Items from a data source:
------------------------------------------------------------------------

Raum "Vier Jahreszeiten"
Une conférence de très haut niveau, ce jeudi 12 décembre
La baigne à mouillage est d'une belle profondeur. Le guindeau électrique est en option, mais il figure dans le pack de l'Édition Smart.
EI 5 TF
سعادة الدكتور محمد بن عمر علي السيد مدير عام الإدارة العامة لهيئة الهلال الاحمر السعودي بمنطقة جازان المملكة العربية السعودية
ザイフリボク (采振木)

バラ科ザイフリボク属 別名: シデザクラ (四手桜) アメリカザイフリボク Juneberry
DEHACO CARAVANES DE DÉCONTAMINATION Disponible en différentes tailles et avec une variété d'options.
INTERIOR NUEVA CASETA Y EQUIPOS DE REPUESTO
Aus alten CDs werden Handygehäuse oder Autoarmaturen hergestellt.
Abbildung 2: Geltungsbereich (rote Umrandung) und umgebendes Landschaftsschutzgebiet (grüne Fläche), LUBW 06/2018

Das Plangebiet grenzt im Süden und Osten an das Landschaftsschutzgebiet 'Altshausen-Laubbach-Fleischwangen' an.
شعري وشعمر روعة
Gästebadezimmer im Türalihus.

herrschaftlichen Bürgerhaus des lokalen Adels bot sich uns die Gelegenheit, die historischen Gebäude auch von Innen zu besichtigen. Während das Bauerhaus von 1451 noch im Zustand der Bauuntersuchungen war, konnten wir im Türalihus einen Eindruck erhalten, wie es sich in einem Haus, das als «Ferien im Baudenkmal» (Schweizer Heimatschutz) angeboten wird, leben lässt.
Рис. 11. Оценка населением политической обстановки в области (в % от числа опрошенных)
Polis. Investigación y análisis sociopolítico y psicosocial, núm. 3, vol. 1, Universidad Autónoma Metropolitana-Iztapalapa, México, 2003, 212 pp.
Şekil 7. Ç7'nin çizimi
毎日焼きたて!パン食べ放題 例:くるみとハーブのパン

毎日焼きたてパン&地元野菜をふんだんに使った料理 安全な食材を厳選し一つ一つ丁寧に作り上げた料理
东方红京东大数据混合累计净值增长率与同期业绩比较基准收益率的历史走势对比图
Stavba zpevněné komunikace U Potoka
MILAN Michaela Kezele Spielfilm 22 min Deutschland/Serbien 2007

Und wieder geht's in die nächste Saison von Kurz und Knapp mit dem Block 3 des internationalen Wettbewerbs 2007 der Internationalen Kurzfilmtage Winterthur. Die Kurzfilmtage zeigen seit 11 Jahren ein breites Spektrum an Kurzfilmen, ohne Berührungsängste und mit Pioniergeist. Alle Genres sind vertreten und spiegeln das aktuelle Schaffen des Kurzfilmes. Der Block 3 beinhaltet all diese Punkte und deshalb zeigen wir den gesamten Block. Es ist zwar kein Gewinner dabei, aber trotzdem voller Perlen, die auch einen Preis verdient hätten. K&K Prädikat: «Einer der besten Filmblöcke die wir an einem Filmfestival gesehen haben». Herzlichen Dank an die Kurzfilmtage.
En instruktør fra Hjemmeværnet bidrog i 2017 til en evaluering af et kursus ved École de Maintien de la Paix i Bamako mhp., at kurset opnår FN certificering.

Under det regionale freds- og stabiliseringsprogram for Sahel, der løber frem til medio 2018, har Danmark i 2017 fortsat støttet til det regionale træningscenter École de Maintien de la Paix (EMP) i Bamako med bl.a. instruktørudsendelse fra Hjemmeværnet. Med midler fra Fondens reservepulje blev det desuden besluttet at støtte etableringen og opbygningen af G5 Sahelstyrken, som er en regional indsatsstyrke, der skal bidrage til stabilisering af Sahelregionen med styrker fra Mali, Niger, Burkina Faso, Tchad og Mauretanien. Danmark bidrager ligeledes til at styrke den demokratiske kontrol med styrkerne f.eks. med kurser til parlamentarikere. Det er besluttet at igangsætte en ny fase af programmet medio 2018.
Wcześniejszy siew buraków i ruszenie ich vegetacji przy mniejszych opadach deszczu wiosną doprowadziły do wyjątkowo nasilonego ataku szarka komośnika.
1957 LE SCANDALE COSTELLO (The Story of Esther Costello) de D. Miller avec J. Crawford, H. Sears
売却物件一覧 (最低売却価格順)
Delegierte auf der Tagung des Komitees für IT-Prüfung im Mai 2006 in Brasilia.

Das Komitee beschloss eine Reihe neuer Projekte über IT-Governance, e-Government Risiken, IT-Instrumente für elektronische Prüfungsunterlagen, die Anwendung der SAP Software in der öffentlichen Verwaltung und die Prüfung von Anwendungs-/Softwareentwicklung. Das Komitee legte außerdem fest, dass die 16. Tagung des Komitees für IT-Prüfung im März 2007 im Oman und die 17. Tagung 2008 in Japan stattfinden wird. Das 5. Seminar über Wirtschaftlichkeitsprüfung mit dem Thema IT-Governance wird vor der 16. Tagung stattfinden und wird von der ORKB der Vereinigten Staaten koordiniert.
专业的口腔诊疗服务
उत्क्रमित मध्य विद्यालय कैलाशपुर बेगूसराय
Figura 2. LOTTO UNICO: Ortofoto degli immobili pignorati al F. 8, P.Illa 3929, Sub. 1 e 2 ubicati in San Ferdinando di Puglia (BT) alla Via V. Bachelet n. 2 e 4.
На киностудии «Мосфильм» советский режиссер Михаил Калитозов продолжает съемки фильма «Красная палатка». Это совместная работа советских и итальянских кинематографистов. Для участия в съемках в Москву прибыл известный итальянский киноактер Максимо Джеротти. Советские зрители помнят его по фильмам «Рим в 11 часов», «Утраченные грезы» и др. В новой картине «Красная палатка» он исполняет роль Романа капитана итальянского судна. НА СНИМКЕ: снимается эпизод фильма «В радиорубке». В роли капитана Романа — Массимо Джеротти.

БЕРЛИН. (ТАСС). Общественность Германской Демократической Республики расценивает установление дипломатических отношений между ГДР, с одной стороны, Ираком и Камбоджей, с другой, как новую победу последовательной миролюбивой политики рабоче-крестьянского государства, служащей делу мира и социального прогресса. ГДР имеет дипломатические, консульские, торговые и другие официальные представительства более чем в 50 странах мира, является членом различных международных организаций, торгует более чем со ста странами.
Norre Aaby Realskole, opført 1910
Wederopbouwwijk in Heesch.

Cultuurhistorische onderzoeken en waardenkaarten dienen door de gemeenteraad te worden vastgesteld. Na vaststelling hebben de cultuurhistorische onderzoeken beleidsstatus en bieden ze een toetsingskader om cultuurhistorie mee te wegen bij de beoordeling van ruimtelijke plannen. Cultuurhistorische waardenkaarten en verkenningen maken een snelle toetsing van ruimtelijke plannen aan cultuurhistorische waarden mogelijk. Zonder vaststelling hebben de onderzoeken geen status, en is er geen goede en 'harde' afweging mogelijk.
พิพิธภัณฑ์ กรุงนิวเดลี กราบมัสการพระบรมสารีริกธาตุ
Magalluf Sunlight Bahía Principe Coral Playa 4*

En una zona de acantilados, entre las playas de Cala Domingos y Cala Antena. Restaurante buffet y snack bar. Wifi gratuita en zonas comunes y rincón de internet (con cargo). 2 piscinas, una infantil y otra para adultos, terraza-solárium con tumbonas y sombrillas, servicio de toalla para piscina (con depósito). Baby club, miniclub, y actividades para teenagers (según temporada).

------------------------------------------------------------------------

### Work item
Reproduce the records above exactly. Leave nothing out.

### Task output
Raum "Vier Jahreszeiten"
Une conférence de très haut niveau, ce jeudi 12 décembre
La baigne à mouillage est d'une belle profondeur. Le guindeau électrique est en option, mais il figure dans le pack de l'Édition Smart.
EI 5 TF
سعادة الدكتور محمد بن عمر علي السيد مدير عام الإدارة العامة لهيئة الهلال الاحمر السعودي بمنطقة جازان المملكة العربية السعودية
ザイフリボク (采振木)

バラ科ザイフリボク属 別名: シデザクラ (四手桜) アメリカザイフリボク Juneberry
DEHACO CARAVANES DE DÉCONTAMINATION Disponible en différentes tailles et avec une variété d'options.
INTERIOR NUEVA CASETA Y EQUIPOS DE REPUESTO
Aus alten CDs werden Handygehäuse oder Autoarmaturen hergestellt.
Abbildung 2: Geltungsbereich (rote Umrandung) und umgebendes Landschaftsschutzgebiet (grüne Fläche), LUBW 06/2018

Das Plangebiet grenzt im Süden und Osten an das Landschaftsschutzgebiet 'Altshausen-Laubbach-Fleischwangen' an.
شعري وشعمر روعة
Gästebadezimmer im Türalihus.

herrschaftlichen Bürgerhaus des lokalen Adels bot sich uns die Gelegenheit, die historischen Gebäude auch von Innen zu besichtigen. Während das Bauerhaus von 1451 noch im Zustand der Bauuntersuchungen war, konnten wir im Türalihus einen Eindruck erhalten, wie es sich in einem Haus, das als «Ferien im Baudenkmal» (Schweizer Heimatschutz) angeboten wird, leben lässt.
Рис. 11. Оценка населением политической обстановки в области (в % от числа опрошенных)
Polis. Investigación y análisis sociopolítico y psicosocial, núm. 3, vol. 1, Universidad Autónoma Metropolitana-Iztapalapa, México, 2003, 212 pp.
Şekil 7. Ç7'nin çizimi
毎日焼きたて!パン食べ放題 例:くるみとハーブのパン

毎日焼きたてパン&地元野菜をふんだんに使った料理 安全な食材を厳選し一つ一つ丁寧に作り上げた料理
东方红京东大数据混合累计净值增长率与同期业绩比较基准收益率的历史走势对比图
Stavba zpevněné komunikace U Potoka
MILAN Michaela Kezele Spielfilm 22 min Deutschland/Serbien 2007

Und wieder geht's in die nächste Saison von Kurz und Knapp mit dem Block 3 des internationalen Wettbewerbs 2007 der Internationalen Kurzfilmtage Winterthur. Die Kurzfilmtage zeigen seit 11 Jahren ein breites Spektrum an Kurzfilmen, ohne Berührungsängste und mit Pioniergeist. Alle Genres sind vertreten und spiegeln das aktuelle Schaffen des Kurzfilmes. Der Block 3 beinhaltet all diese Punkte und deshalb zeigen wir den gesamten Block. Es ist zwar kein Gewinner dabei, aber trotzdem voller Perlen, die auch einen Preis verdient hätten. K&K Prädikat: «Einer der besten Filmblöcke die wir an einem Filmfestival gesehen haben». Herzlichen Dank an die Kurzfilmtage.
En instruktør fra Hjemmeværnet bidrog i 2017 til en evaluering af et kursus ved École de Maintien de la Paix i Bamako mhp., at kurset opnår FN certificering.

Under det regionale freds- og stabiliseringsprogram for Sahel, der løber frem til medio 2018, har Danmark i 2017 fortsat støttet til det regionale træningscenter École de Maintien de la Paix (EMP) i Bamako med bl.a. instruktørudsendelse fra Hjemmeværnet. Med midler fra Fondens reservepulje blev det desuden besluttet at støtte etableringen og opbygningen af G5 Sahelstyrken, som er en regional indsatsstyrke, der skal bidrage til stabilisering af Sahelregionen med styrker fra Mali, Niger, Burkina Faso, Tchad og Mauretanien. Danmark bidrager ligeledes til at styrke den demokratiske kontrol med styrkerne f.eks. med kurser til parlamentarikere. Det er besluttet at igangsætte en ny fase af programmet medio 2018.
Wcześniejszy siew buraków i ruszenie ich vegetacji przy mniejszych opadach deszczu wiosną doprowadziły do wyjątkowo nasilonego ataku szarka komośnika.
1957 LE SCANDALE COSTELLO (The Story of Esther Costello) de D. Miller avec J. Crawford, H. Sears
売却物件一覧 (最低売却価格順)
Delegierte auf der Tagung des Komitees für IT-Prüfung im Mai 2006 in Brasilia.

Das Komitee beschloss eine Reihe neuer Projekte über IT-Governance, e-Government Risiken, IT-Instrumente für elektronische Prüfungsunterlagen, die Anwendung der SAP Software in der öffentlichen Verwaltung und die Prüfung von Anwendungs-/Softwareentwicklung. Das Komitee legte außerdem fest, dass die 16. Tagung des Komitees für IT-Prüfung im März 2007 im Oman und die 17. Tagung 2008 in Japan stattfinden wird. Das 5. Seminar über Wirtschaftlichkeitsprüfung mit dem Thema IT-Governance wird vor der 16. Tagung stattfinden und wird von der ORKB der Vereinigten Staaten koordiniert.
专业的口腔诊疗服务
उत्क्रमित मध्य विद्यालय कैलाशपुर बेगूसराय
Figura 2. LOTTO UNICO: Ortofoto degli immobili pignorati al F. 8, P.Illa 3929, Sub. 1 e 2 ubicati in San Ferdinando di Puglia (BT) alla Via V. Bachelet n. 2 e 4.
На киностудии «Мосфильм» советский режиссер Михаил Калитозов продолжает съемки фильма «Красная палатка». Это совместная работа советских и итальянских кинематографистов. Для участия в съемках в Москву прибыл известный итальянский киноактер Максимо Джеротти. Советские зрители помнят его по фильмам «Рим в 11 часов», «Утраченные грезы» и др. В новой картине «Красная палатка» он исполняет роль Романа капитана итальянского судна. НА СНИМКЕ: снимается эпизод фильма «В радиорубке». В роли капитана Романа — Массимо Джеротти.

БЕРЛИН. (ТАСС). Общественность Германской Демократической Республики расценивает установление дипломатических отношений между ГДР, с одной стороны, Ираком и Камбоджей, с другой, как новую победу последовательной миролюбивой политики рабоче-крестьянского государства, служащей делу мира и социального прогресса. ГДР имеет дипломатические, консульские, торговые и другие официальные представительства более чем в 50 странах мира, является членом различных международных организаций, торгует более чем со ста странами.
Norre Aaby Realskole, opført 1910
Wederopbouwwijk in Heesch.

Cultuurhistorische onderzoeken en waardenkaarten dienen door de gemeenteraad te worden vastgesteld. Na vaststelling hebben de cultuurhistorische onderzoeken beleidsstatus en bieden ze een toetsingskader om cultuurhistorie mee te wegen bij de beoordeling van ruimtelijke plannen. Cultuurhistorische waardenkaarten en verkenningen maken een snelle toetsing van ruimtelijke plannen aan cultuurhistorische waarden mogelijk. Zonder vaststelling hebben de onderzoeken geen status, en is er geen goede en 'harde' afweging mogelijk.
พิพิธภัณฑ์ กรุงนิวเดลี กราบมัสการพระบรมสารีริกธาตุ
Magalluf Sunlight Bahía Principe Coral Playa 4*

En una zona de acantilados, entre las playas de Cala Domingos y Cala Antena. Restaurante buffet y snack bar. Wifi gratuita en zonas comunes y rincón de internet (con cargo). 2 piscinas, una infantil y otra para adultos, terraza-solárium con tumbonas y sombrillas, servicio de toalla para piscina (con depósito). Baby club, miniclub, y actividades para teenagers (según temporada).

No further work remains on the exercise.